The startup code looks like this:
echo -n "Starting mail-transfer agent: qmail"
sh -c "start-stop-daemon --start --quiet --user qmails \
--exec /usr/sbin/qmail-send \
--startas /usr/sbin/qmail-start -- \"$alias_empty\" $logger &"
# prevent denial-of-service attacks, with ulimit
ulimit -v 8192
sh -c "start-stop-daemon --start --quiet --user qmaild \
--exec /usr/bin/tcpserver -- -R -H \
-u `id -u qmaild` -g `id -g nobody` -x /etc/tcp.smtp.cdb 0 smtp \
/usr/sbin/qmail-smtpd 2>&1 | $logger -t qmail -p mail.notice &"
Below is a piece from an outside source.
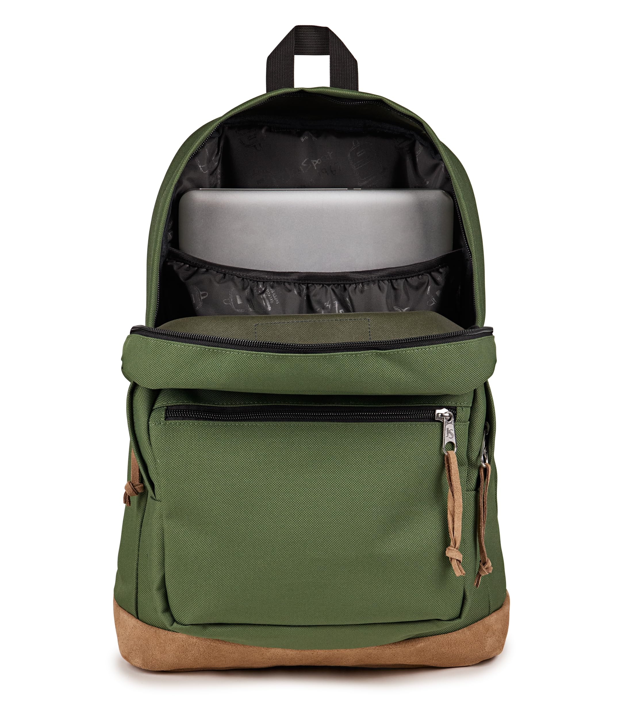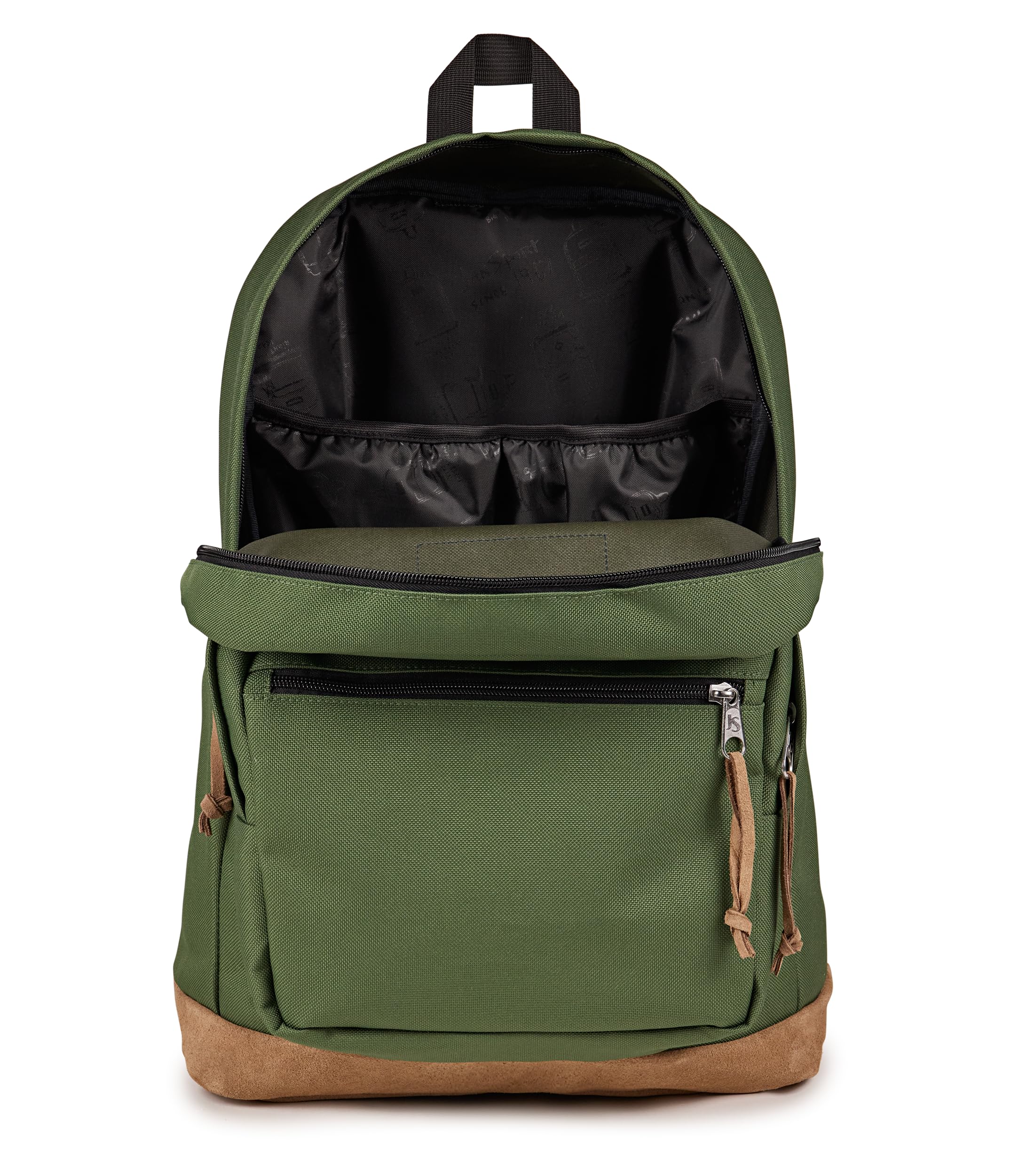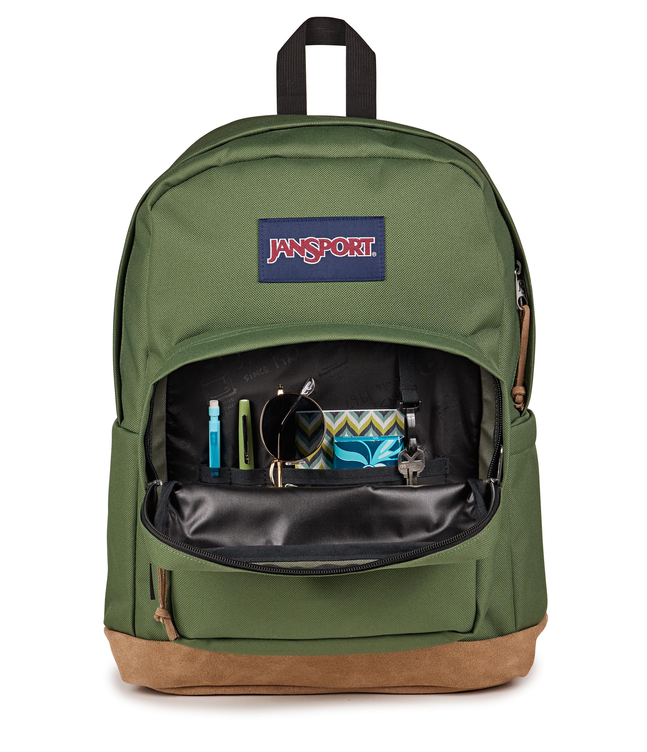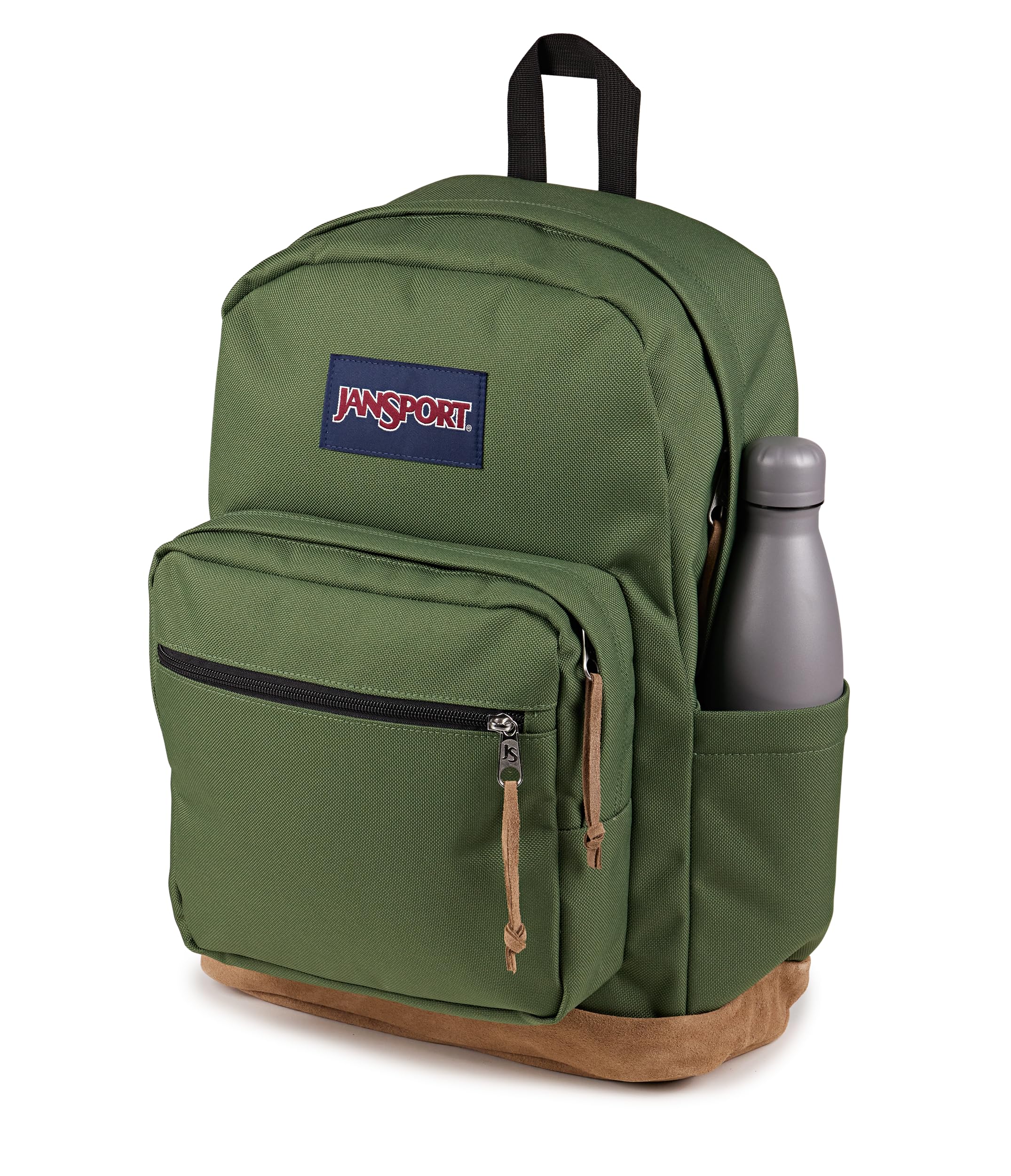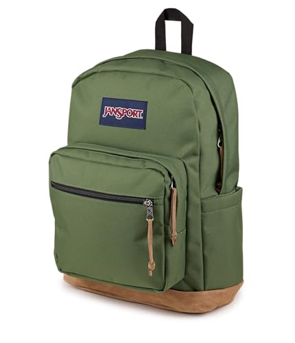 Description The Right Pack backpack combines iconic JanSport design with modern function, making it the go-to backpack for collegiates, professionals, and travelers alike. Built from rugged Cordura fabric and finished with a suede leather bottom, this college backpack stands up to daily wear while keeping a clean, timeless look. Its roomy main compartment fits notebooks, clothes, and travel gear, while a front organizer pocket keeps accessories and chargers within reach. Inside, a padded 15 inch laptop sleeve safely holds your tech and doubles as a tablet compartment, making this the perfect laptop bag for campus or the commute. Adjustable padded shoulder straps and a breathable back panel create all-day comfort, even when carrying heavy loads. A side water bottle pocket keeps hydration close, and durable zippers with suede pulls add to its premium feel. Whether you’re heading to class, catching a flight, or exploring the city, this travel daypack is made to move with you. With lightweight durability, ample storage, and the trusted JanSport quality that’s built to last, the Right Pack delivers style, reliability, and performance for every journey.

# Uncomment the following lines to automatically start the pop3 server
#sh -c "start-stop-daemon --start --quiet --user root \
# --exec /usr/bin/tcpserver -- \
# 0 pop-3 /usr/sbin/qmail-popup `hostname`.`dnsdomainname` \
# /usr/bin/checkpassword /usr/sbin/qmail-pop3d Maildir &"

echo "."


Shutdown code:

if [ "`pidof /usr/sbin/qmail-send`" ] ; then
start-stop-daemon --user qmails --stop --quiet --oknodo --exec /usr/sbin/qmail-send
start-stop-daemon --user qmaild --stop --quiet --oknodo --exec /usr/bin/tcpserver
# Uncomment the following line if you have enabled the pop3 server
#start-stop-daemon --user root --stop --quiet --oknodo --exec /usr/bin/tcpserver

# Wait until the timeout for qmail processes to die.
count=120
numdots=0
while ([ $count != 0 ]) do
let count=$count-1
if [ "`pidof /usr/sbin/qmail-send`" ] ; then
echo -n .
let numdots=$numdots+1
sleep 1
else
count=0
fi
done

# If it's not dead yet, kill it.
# if [ "`pidof /usr/sbin/qmail-send`" ] ; then
# echo -n " TIMEOUT!"
# kill -KILL `pidof /usr/sbin/qmail-send`
# else
case $numdots in
0) echo "." ;;
1) echo ;;
*) echo " done." ;;
esac
# fi
else
echo " not running.";
fi

btw, the files mentioned in the singleuid howto is available at http://www.pgregg.com/projects/qmail/ IIRC it is stated incorrectly in the article itself.

Hope this helps some more.

koningshoed 07-18-2002 12:39 PM

correction - you do need procmail. I don't think you need to recompile though, rpm should be ok. I'm actually wondering why they placed procmail as a dependancy for qmail, afaik qmail delivers the mail by itself.